João Afonso Santos
O “eu” é um tópico estranho, por nos ser simultaneamente tão próximo e tão enevoado.
Podemos viver a vida sem pensar nisso, continuando a ser o que somos, talvez assim de forma mais assertiva e sólida. Podemos também abolir a complexidade e adotarmos uma narrativa e um conjunto de características para formar um quadro de quem nós somos, contudo creio que essa obra talvez se cinja mais à apresentação e à identidade na relação com o outro, pecando numa simplicidade confortável.
Tentar perceber as causalidades por detrás de quem somos é uma tarefa hercúlea, é perspetivar um abismo tão eminente, repleto de histórias, momentos, pessoas, lugares, uma quantidade avassaladora de forças que poderá levar a uma resposta de curiosidade, evasão, ou paralisia silenciosa. Atravessar esse bosque pode ser frutuoso (perceber os porquês de quem somos é uma componente da inteligência emocional), pode ser também extremamente doloroso, até destrutivo, e portanto creio que não se deve glorificar nem demonizar de um modo geral atitudes de evasão à auto-exploração. Claro que existem pessoas cuja vida na sua totalidade é evasão e negação, e apesar de ,em certos casos, ser esse o caminho mais confortável, essa vida apresenta-se como amputada. Por outro lado, uma vida sem qualquer tipo de fugas é demasiado impactante e exaustiva: não desejo epifanias diárias.

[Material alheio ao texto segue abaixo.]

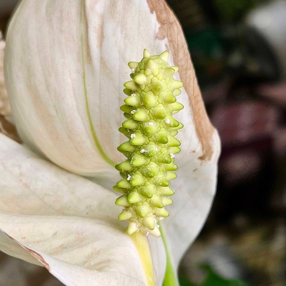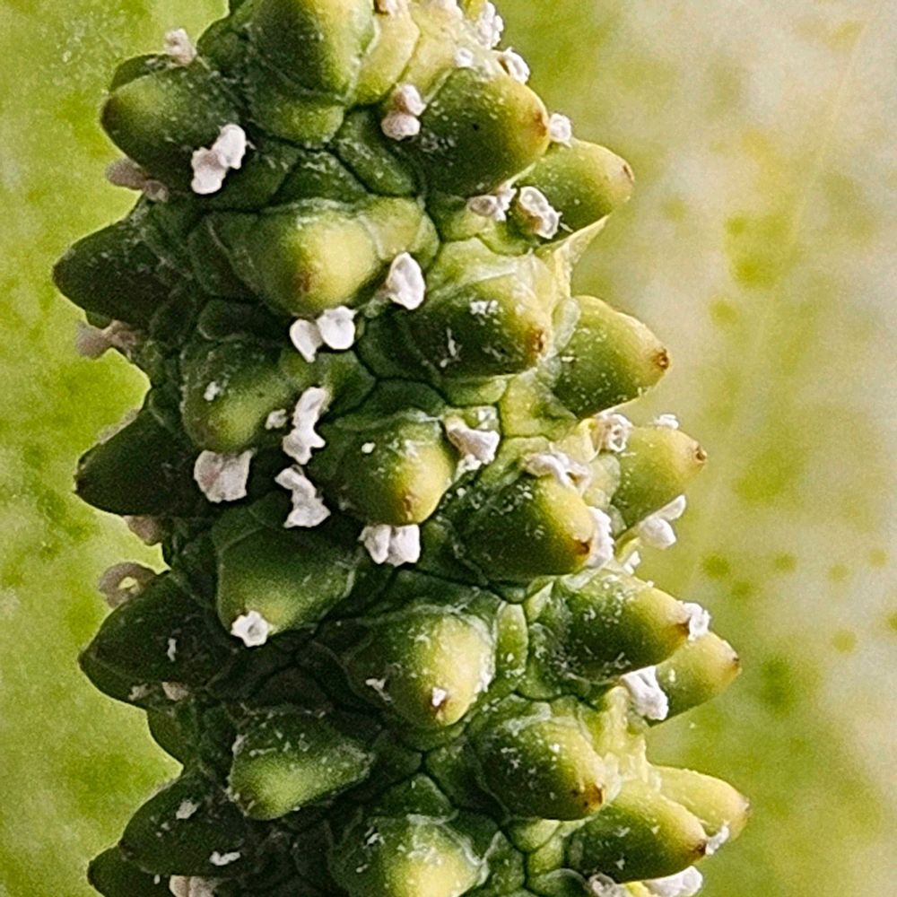 ・苞の内側にある棒状肉穂花序に花が多数付く 粒状の小さな花

Passando à frente a questão das razões por detrás da nossa essência, foco no que a constitui. Nesta questão, tende-se a focar bastante nas características que definem uma pessoa, definindo uma pessoa pela seu sentido de humor ou falta dele, pela sua avareza ou humildade, etc… percebo a abordagem, mas estas características não são permanentes, oscilam no decorrer da tempo, ora se manifestam, ora não existem. Um bom prisma para esta questão é a do amor (no sentido de interesse pessoal,
não exclusivamente corpóreo- a palavra “amor” tem muita bagagem). Quando se ama alguém, não se ama estes traços de personalidade per se, pois são inconstantes.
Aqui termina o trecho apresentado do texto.